2015 IL App (1st) 133351
Ill. App. Ct.2015Background
- Mary and Martin Sr. created two trusts (Mary trust and Martin Sr. trust) giving their son Martin P. Cornelius, Jr. (donee) limited testamentary powers of appointment; if not effectively exercised, the trusts directed distribution to Martin Jr.’s descendants living at his death.
- Martin Jr. executed a revocable living trust and a 1991 will that purported to exercise the parents’ limited powers by appointing the parents’ trust property to the trustee of his own revocable trust (thereby commingling appointed assets with his trust principal and directing the trustee to pay his debts from the “original trust”).
- The Bank, as trustee of the parents’ trusts, filed a petition for instructions in 2012 asking whether Martin Jr.’s exercise of the powers of appointment was valid given potential impermissible appointees.
- Counterclaiming, three children and the trustee of Martin Jr.’s trust (the Towers defendants) contended the exercise was valid and the Bank breached fiduciary duties by seeking court guidance; Dagmar (another child) moved for partial summary judgment asserting the appointment was invalid.
- Trial court granted Dagmar’s partial summary judgment, held Martin Jr. improperly exercised the powers (appointment void), ordered the parents’ trust funds distributed per stirpes to Martin Jr.’s four living children, granted the Bank judgment on the pleadings dismissing the Towers defendants’ counterpetition, and awarded Dagmar attorney fees.
Issues
| Issue | Plaintiff's Argument | Defendant's Argument | Held |
|---|---|---|---|
| Validity of Martin Jr.’s exercise of limited powers of appointment | Bank: doubt exists whether appointment valid because donee may have appointed to impermissible appointees; court should decide | Towers: Martin Jr. validly appointed to his revocable trust as conduit; assets would be distributed consistent with parents’ trusts and not part of his estate for creditors | Court: appointment void — donee appointed to himself (impermissible); provisions of Martin Jr.’s trust commingled appointed assets and allowed payment of his debts from them, so exercise ineffective |
| Trustee’s duty in seeking judicial instructions | Bank: as trustee it properly sought court instructions to resolve conflicting claims and avoid liability | Towers: Bank breached fiduciary duty by filing petition and delaying transfer to Martin Jr. trust | Court: Bank acted within fiduciary duties; filing for instructions was appropriate and not advocacy for one beneficiary |
| Dismissal of Towers defendants’ counterpetition (judgment on pleadings) | Bank: no material facts remain after summary judgment; entitled to judgment as matter of law | Towers: Bank waived challenge; needed discovery; factual issues remain | Court: judgment on pleadings proper because no disputed material facts remained and Bank entitled to judgment as matter of law |
| Award of attorney fees to Dagmar | Dagmar: fees payable from trusts because honest difference of opinion existed over construction; provided detailed invoices | Towers: court erred by awarding fees without evidentiary hearing and failing to apportion services | Court: fee award proper — ambiguity existed in Martin Jr.’s trust; fees reasonable and sufficiently documented; hearing not required and issue not preserved on appeal |
Key Cases Cited
- JPMorgan Chase Bank, N.A. v. Earth Foods, Inc., 238 Ill. 2d 455 (discussing summary judgment standard and review)
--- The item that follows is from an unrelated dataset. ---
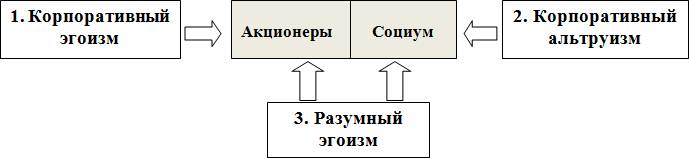 Базовые концепции корпоративной социальной ответственности включают: теорию корпоративного эгоизма, теорию корпоративного альтруизма, теорию разумного эгоизма.

- First National Bank of Chicago v. Edgeworth, 94 Ill. App. 3d 873 (construction of trusts is question of law appropriate for summary judgment)
- In re Estate of Breault, 29 Ill. 2d 165 (test for whether appointed property was blended/commingled with donee’s estate for all purposes)
- People v. Kaiser, 306 Ill. 313 (distinction between powers of appointment and estates; appointment title flows from donor)
- Orme v. Northern Trust Co., 25 Ill. 2d 151 (attorney fees in will-construction cases where honest differences of opinion exist)
- Gillen v. State Farm Mut. Auto. Ins. Co., 215 Ill. 2d 381 (standard for judgment on the pleadings review)
- Northern Trust Co. v. Heuer, 202 Ill. App. 3d 1066 (trustee may seek court instructions when conflicting claims to trust funds arise)
- In re Buck Trust, 301 A.2d 328 (Del. Ch.) (appointment to non-object of special power is ineffective)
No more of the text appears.